Nicholas Valmont, the man who 2 years earlier woke at 5:00 in the morning to call the London Exchange before it opened, now barely came downstairs before 9:00. The canceled meetings piled up like ignored messages on his personal secretary’s phone, and the private driver had already been dismissed twice in the same week with the same vague line.
“Not today, Marcus.”
Iris noticed everything. She noticed because it was her job, and because 3 years earlier, noticing Nicholas Valmont had
stopped being a professional obligation and turned into something she did not have the courage to name.
She heard his footsteps on the floor above. Slow. Slower than they should have been for a 29-year-old man.
Iris adjusted the cup on the tray, checked that the sugar was beside it. He did not use it, but she left it there out of habit, a habit that made no sense and that she refused to examine. Then she went back to wiping the counter that was already clean.
Nicholas appeared in the kitchen doorway as if he had fought the staircase itself to get there. His dark hair was a mess, the white shirt buttoned wrong, 1 button higher than it should have been, and there was a dark shadow under his eyes that had not been there the week before.
“Good morning, Mr. Valmont,” Iris said, without looking directly at him, because looking directly at Nicholas Valmont in the morning was the kind of risk she had learned to avoid.
“How many times have I asked you to drop the Mr. Valmont?”
His voice came out rougher than usual, with that tone of tired impatience he used when he wanted to seem in control.
“32,” Iris replied, setting the cup in front of him. “I keep count.”
The corner of his mouth moved. It did not quite become a smile, but it was enough for her stomach to do something inconvenient.
Iris turned toward the sink before her face gave her away.
That was the thing nobody saw: the corner of the mouth twitch that only appeared in the kitchen in the morning when there was no audience, the way he looked at Iris as if she were the only thing in that house that was not there because he paid for it, even though technically she was.
He drank the coffee without comment, and between the 2 of them hung the thing that always hung there, a familiarity that did not fit inside the word maid and did not dare call itself anything else.
“You canceled the board meeting again,” Iris said with her back to him.
“You read my schedule now?”
“Mrs. Whitmore called 3 times yesterday. I answered all 3.”
The silence that followed was the kind that meant Nicholas was deciding whether to respond with the truth or with 1 of the walls he put up with the same efficiency he used to close deals.

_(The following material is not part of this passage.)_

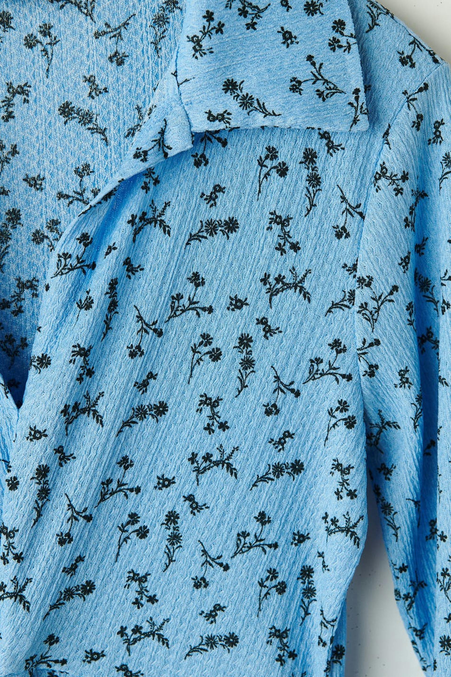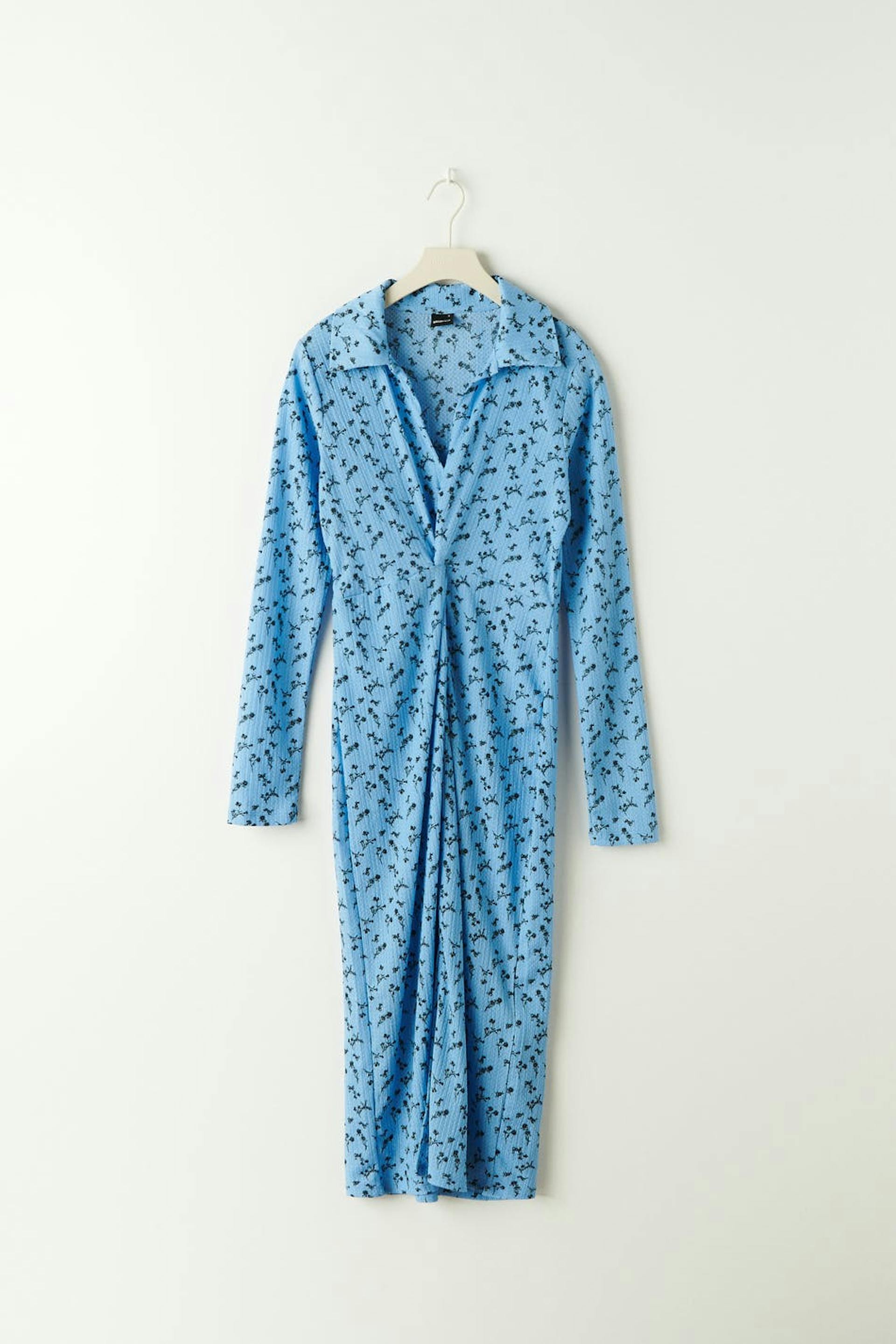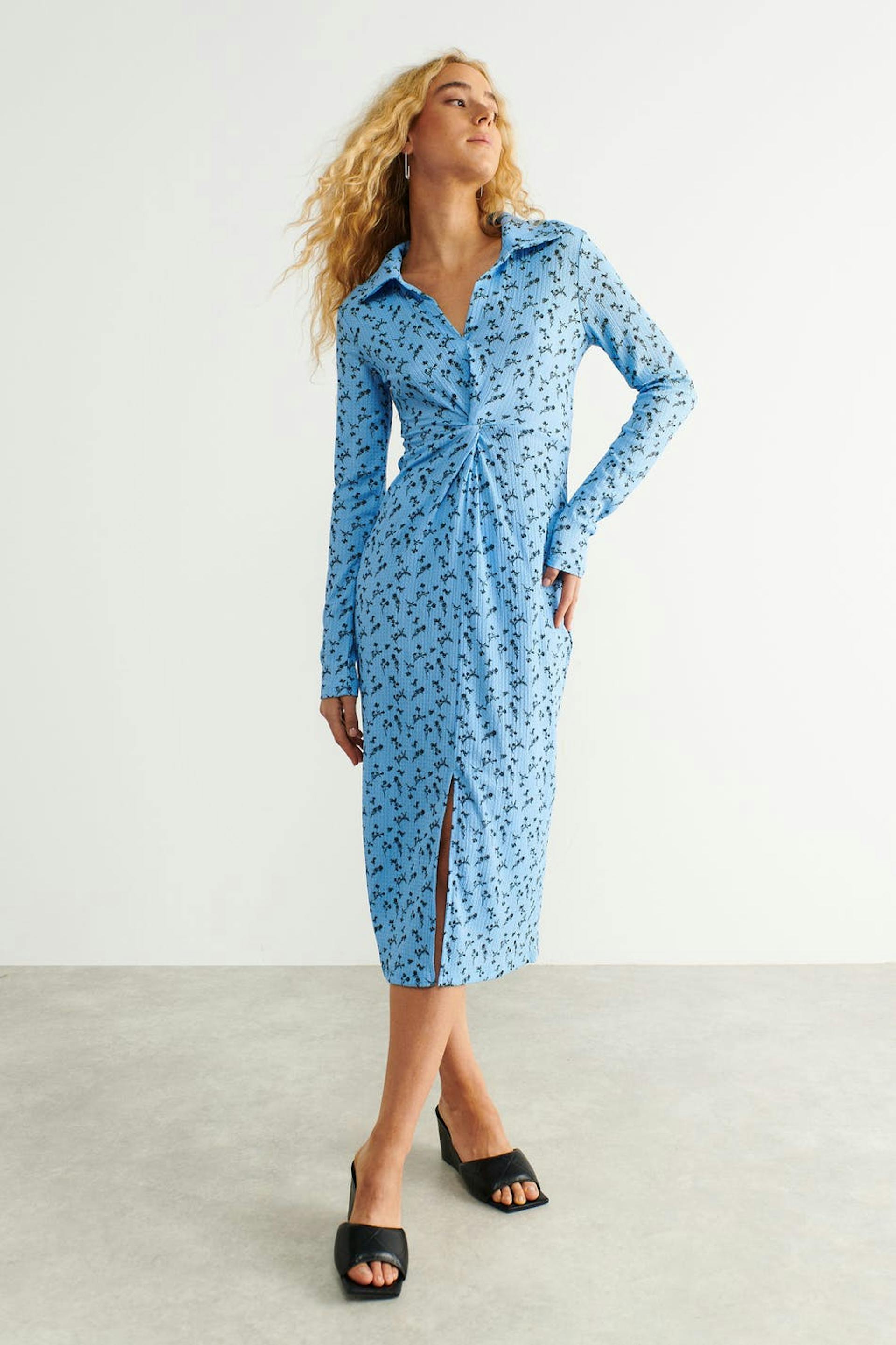 Långärmad midiklänning med en tvinnad detalj framtill. Klänningen är blå och har krage. Den har v-ringning och slits fram.
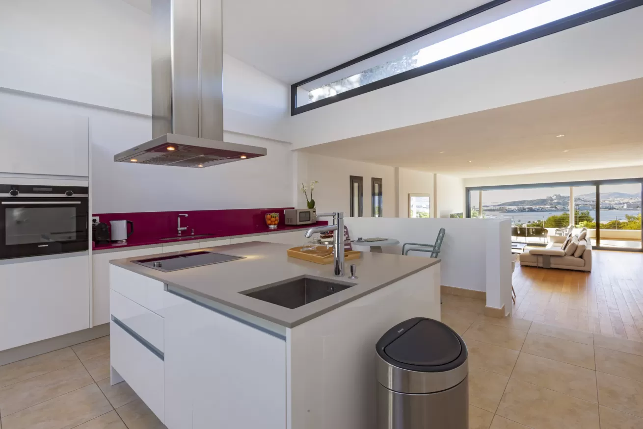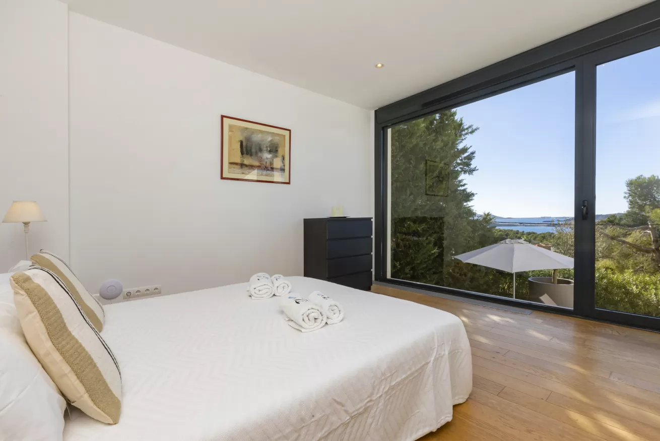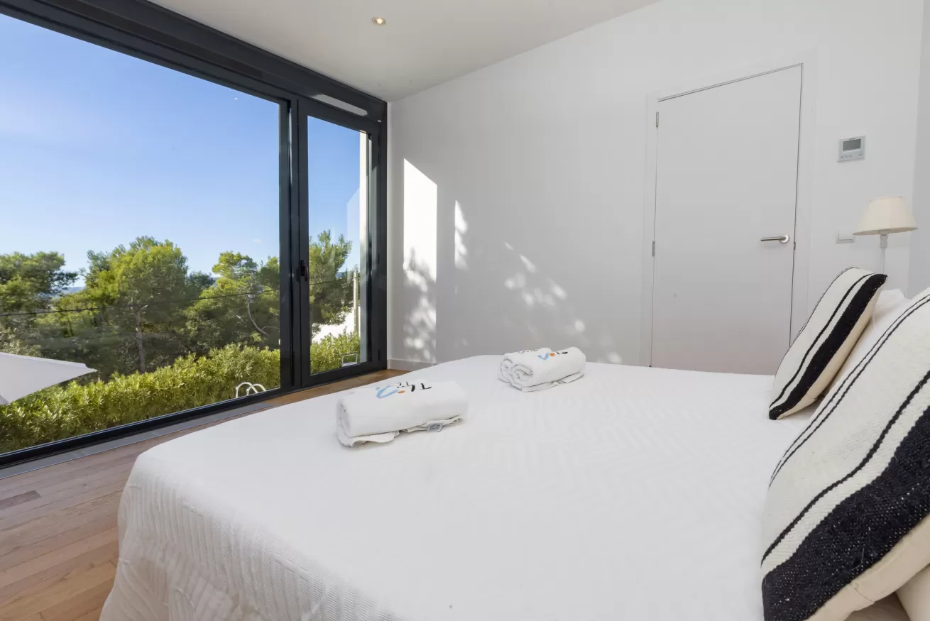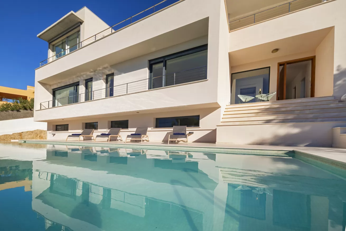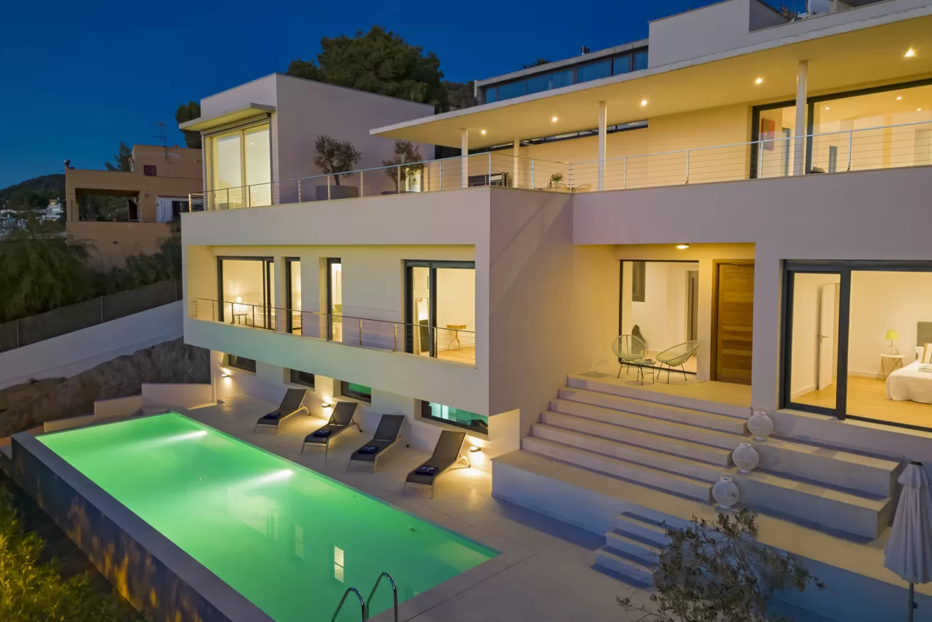 Villa Helga è una spettacolare villa di lusso contemporanea arroccata su una collina esposta a sud-ovest, che regala alcune delle migliori viste panoramiche di Ibiza: dalla baia di Talamanca alla storica Dalt Vila, fino al mare aperto e all’isola di Formentera. Situata a pochi minuti dal paesino di Jesus e a una decina di minuti dalla città di Ibiza, questa proprietà combina perfettamente comfort e accesso immediato alla vivace vita dell’isola. Distribuita su tre livelli e collegata da una scenografica scala in rovere oltre ad un comodo ascensore, Villa Helga è progettata per offrire un’esperienza di soggiorno esclusiva. La villa dispone di cinque camere da letto eleganti, tre delle quali con bagno en-suite, oltre a un ampio bagno condiviso. Tutti gli ambienti sono dotati di aria condizionata e sistema di climatizzazione a pavimento regolabile individualmente, per garantire il massimo comfort in ogni stagione. Gli interni luminosi e moderni sono pensati per valorizzare la vista mozzafiato. Il grande spazio open space che unisce cucina, sala da pranzo e soggiorno crea un ambiente raffinato e conviviale, perfetto per intrattenere amici e familiari. Le grandi vetrate permettono alla luce naturale di inondare la casa, mantenendo sempre lo sguardo rivolto verso il panorama. All’esterno, una splendida piscina privata di 13 x 3,5 metri riflette la luce del sole e invita a rinfrescanti tuffi nelle calde giornate estive. Attorno alla piscina, comodi lettini prendisole offrono lo spazio ideale per rilassarsi, praticare yoga all’aria aperta o semplicemente godersi la tranquillità del paesaggio mediterraneo. Il piano superiore ospita una magnifica terrazza panoramica di 110 m², esposta a sud, con zona pranzo all’aperto perfetta per lunghe cene al tramonto mentre il sole cala dietro Dalt Vila. Ovunque ci si trovi, lo sguardo viene inevitabilmente catturato dalla vista spettacolare sul mare e sull’isola di Formentera. La villa dispone inoltre di garage coperto per due auto, parcheggio aggiuntivo nel vialetto e spazi dedicati allo staff, offrendo così comfort e praticità per soggiorni senza pensieri. Grazie alla sua posizione privilegiata, Villa Helga si trova a breve distanza da Clap, FIVE Destino, Sa Punta, la spiaggia di Talamanca e Marina Botafoch, nonché da negozi, ristoranti, bar iconici e alcune delle spiagge più belle dell’isola. Che tu voglia esplorare la vibrante vita notturna di Ibiza o semplicemente rilassarti in un ambiente esclusivo, questa villa rappresenta la base perfetta per vivere l’isola con stile. La proprietà si trova in una zona residenziale tranquilla; chiediamo pertanto agli ospiti di rispettare i vicini e di attenersi al rispetto e buone norme di convivenza con vicinato esclusivo. Eventuali segnalazioni o interventi da parte dei vicini o delle autorità potrebbero comportare la perdita parziale o totale del deposito cauzionale.

“Rescheduled it for next week,” he said, and the tone closed the subject.
Iris did not push, but her eyes registered what her mouth did not ask. His hand trembled when he lifted the cup, a small tremor, almost invisible, which he disguised by resting his elbow on the table.
Iris saw it.
She pretended she did not.
That was what she did best: see everything and pretend she saw nothing.
The day dragged on in the sluggish rhythm that had become the new normal. Iris changed the sheets in the master bedroom, vacuumed the rugs in the library Nicholas had not set foot in for weeks, and sorted the accumulated mail. Among the envelopes, there were 3 from the University of Chicago Hospital, each with a confidential seal she respected without anyone needing to tell her.